Каждые сто шагов спустя, мальчик возвращался в надстройку, проскальзывал под завесой, оказываясь в густом запахе болезни. Опускался на колени возле девушки, прикасался к её, пропитавшейся потом одежде, высушивая внутренним огнём. Мочил полотенце из бурдюка, клал на раскрасневшийся лоб и выходил, несколько вдохов придерживая полог, пуская внутрь каморки свежий воздух. Затем вновь принимался отсчитывать сто шагов.
Сколько раз, забывшись, отчаявшись, он прикасался к вырезанному перу на своей ладони. В нём чудился летний зной, шелестели луговые травы, истекало солнцем нагретое дерево. Это всё пришло с привязкой Бэна — его символы, ассоциации. Как много раз Рихард порывался призвать друга, чтобы тот подлечил Лукрецию. Но каждый раз одёргивал себя: «Нельзя умирать втроём посреди океана! Бэна ждёт светлое будущее. Нельзя его этого лишать!».
А как было бы славно призвать кого-то, а потом отослать обратно. Но Ирнис, чьё перо будто насмешливо покалывало, не говорила ничего об обратном призыве. «Наверное, такого даже нет», — с тоской вздыхал мальчик, не переставая отсчитывать шаги.
Пальцы ощупывали контуры перьев сквозь прорехи рукавов на локте, держась за них, как за спасительную соломинку, выбирались на мороз, спускались к ладони. Перо Ирнис, рядом — Бэна. Остальные не заняты. Пока не заняты.
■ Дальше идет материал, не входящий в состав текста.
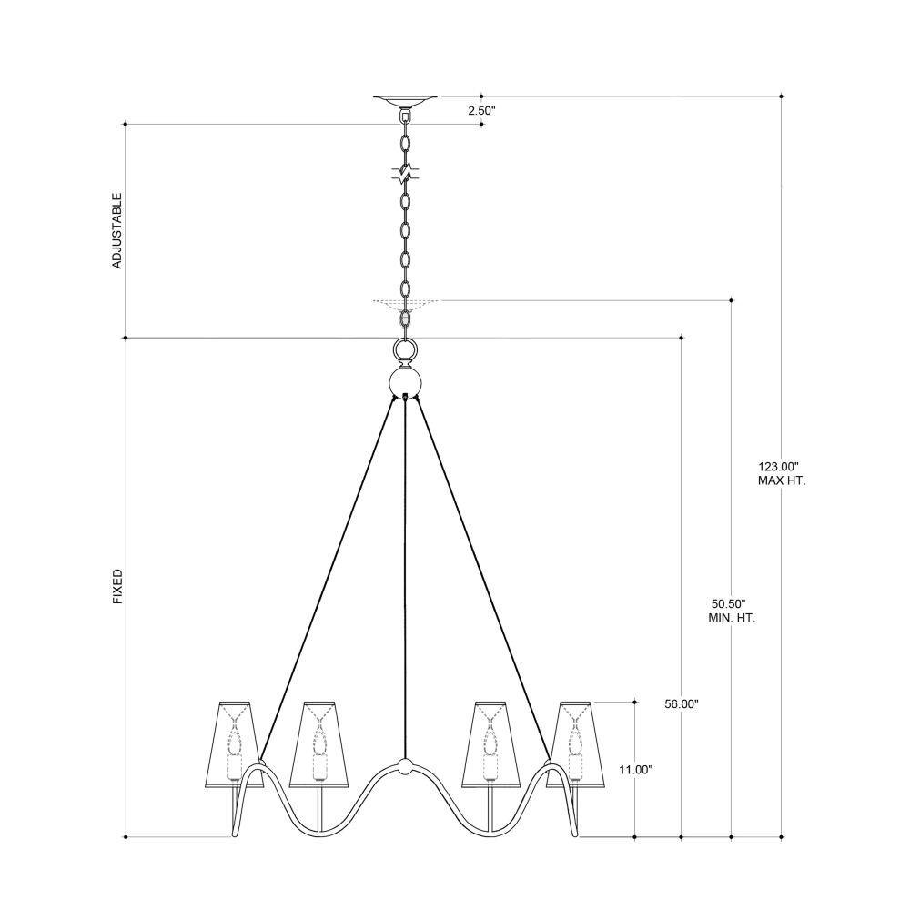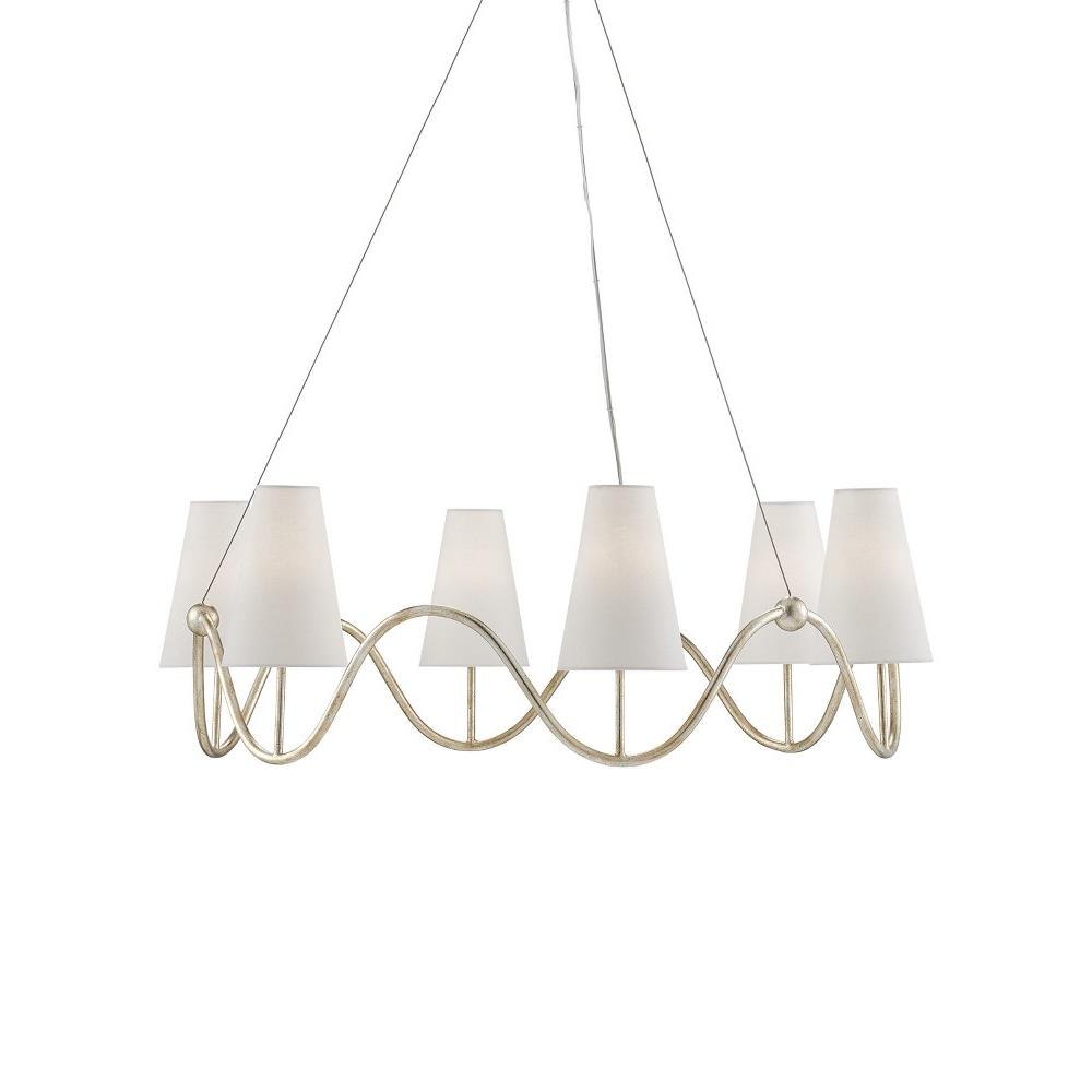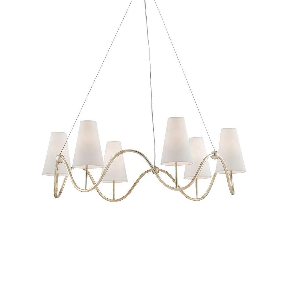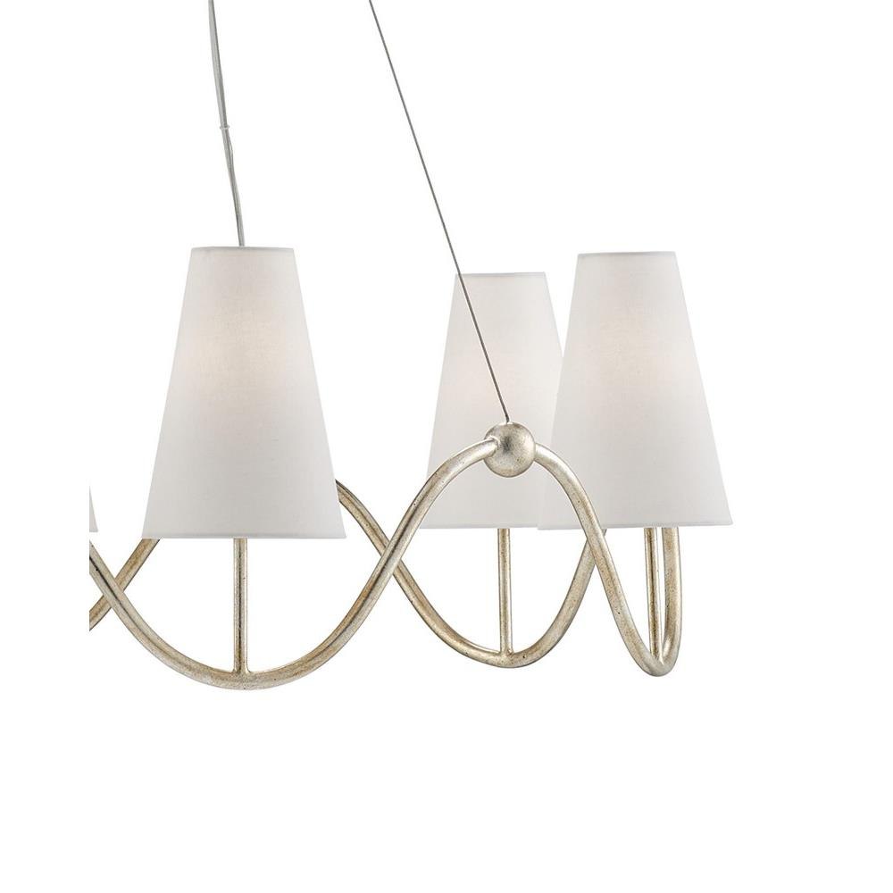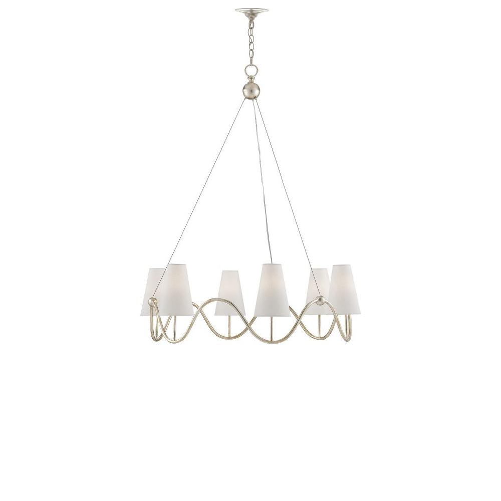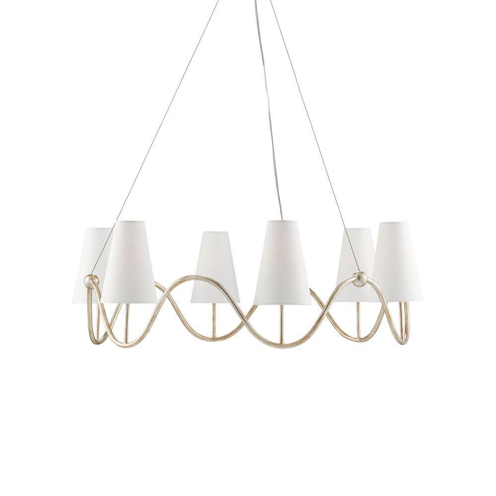 Our Kadir Chandelier is made of wrought iron in a silver Granello finish. The wave-like ring that holds the off-white linen shades covering the six lights is ornamented with tiny globes where the hardware meets the band. The silver chandelier illustrates the talent our artisans have for creating gleaming finishes.

Но то, что было снаружи на безымянном пальце ощущалось тяжёлым привкусом металла и крови. Чьё оно? Рихард тряс головой, не находя ответа. И шёл, шёл, шёл.
Он не хотел спать, хотя ноги подкашивались и внутри всё выстыло после бури эмоций. Но сон ужалил мальчика рядом с Лукрецией, и тот рухнул лицом вниз, сжимая влажную от пота безвольную ладонь девушки. А между глубокими водами и низкими тучами плыла вникуда одинокая лодка.
Бэн
Добромир Лисий Хвост вновь колдовал у печки. Серый Сол цедил пиво, раскачиваясь на табурете у стойки, чем походил на ощипанного индюка, сбежавшего из-под ножа кухарки. Чиён, потирая припухшую щёку и пряча глаза, вновь и вновь рассказывал, как всё было. Оправдывался. Как он и Рихард добрались до пирса, понаблюдали за погрузкой, вместе побежали к нужному кораблю, как взобрались на палубу, как стражники погнались за Фениксом, а Тень скинули в море.
Бэн смотрел на свою правую ладонь, всё ещё горящую от оплеухи. Когда Чиён рассказал в первый раз, толстяк, не раздумывая, ударил его. Добромир и Сол на это лишь чокнулись кружками, крякнули и выпили.
Извиняться Бэн не собирался. Он и Чиён привязались к юному Фениксу, даже в шутку называя его предводителем и главным, относились к нему, как к младшему брату. Потому эта потеря стала такой болезненной. Тень и вовсе, пока говорил, не мог сдержать слёз, ругая себя и дёргая за волосы. Искать больше не имело смысла, но ждать и верить, что Рихард однажды вернётся — вот и всё, что осталось покинутым спутникам.
На улице стало шумно. Совсем близко раздались топот копыт, треск ободьев телеги, и вскрик, тонкий, пронзительный. И тишина. А затем отборная брань, оханья, вздохи.
— Убили! — кричала какая-то дама.
— Задавили, ироды проклятущие! — голосила другая.
— Детёнка малого! — ревела третья.
— Врача! — рявкнул мужик.
И Бэн подпрыгнул. Вскочил, сшиб стул. Рассаднил ногу об угол стола. Бросился туда, где был пострадавший, под бело-голубой свет звёзд и фонарей.
Под ноги за дверью катнулся смятый бубенчик. Двурогий колпак с тёмной полосой посредине от колеса валялся в пыли за спинами прохожих, плотным кольцом обступивших кого-то. Бэн дёрнул одного за плечо, отпихнул, второго, третьего, пробиваясь в центр круга. Коробка с монетами была перевёрнута, лежала у края пустоты. А в центре — мальчик. Правая рука вывернута из плеча. Кость белела хрупким осколком в прорехе шутовской рубашки. «Как у Гарга в пещере», — пронеслось в голове у Бэна. Взгляд на лицо, бледное, обращённое к звёздному небу: распахнутые в ужасе глаза, тёмные волосы налипли ко лбу. Он был без сознания. И в этом лице Бэн вдруг увидел Рихарда.
Он отчётливо увидел повзрослевшего Рихарда. Тот лежал в бурой смеси земли и крови. В груди зияла огромная дыра. На месте сердца затухало пламя. И Бэн понял: Рихард умирает.
— Не надо. Помоги остальным, — бледными губами улыбнулся тот, улыбка не коснулась глаз. Они, остекленев, смотрели в небо.
Сбоку мазнуло красным. Алек. Тоже взрослый. Кровь на лице. На руках. Длинный меч. Обернулся, что-то кому-то крикнул…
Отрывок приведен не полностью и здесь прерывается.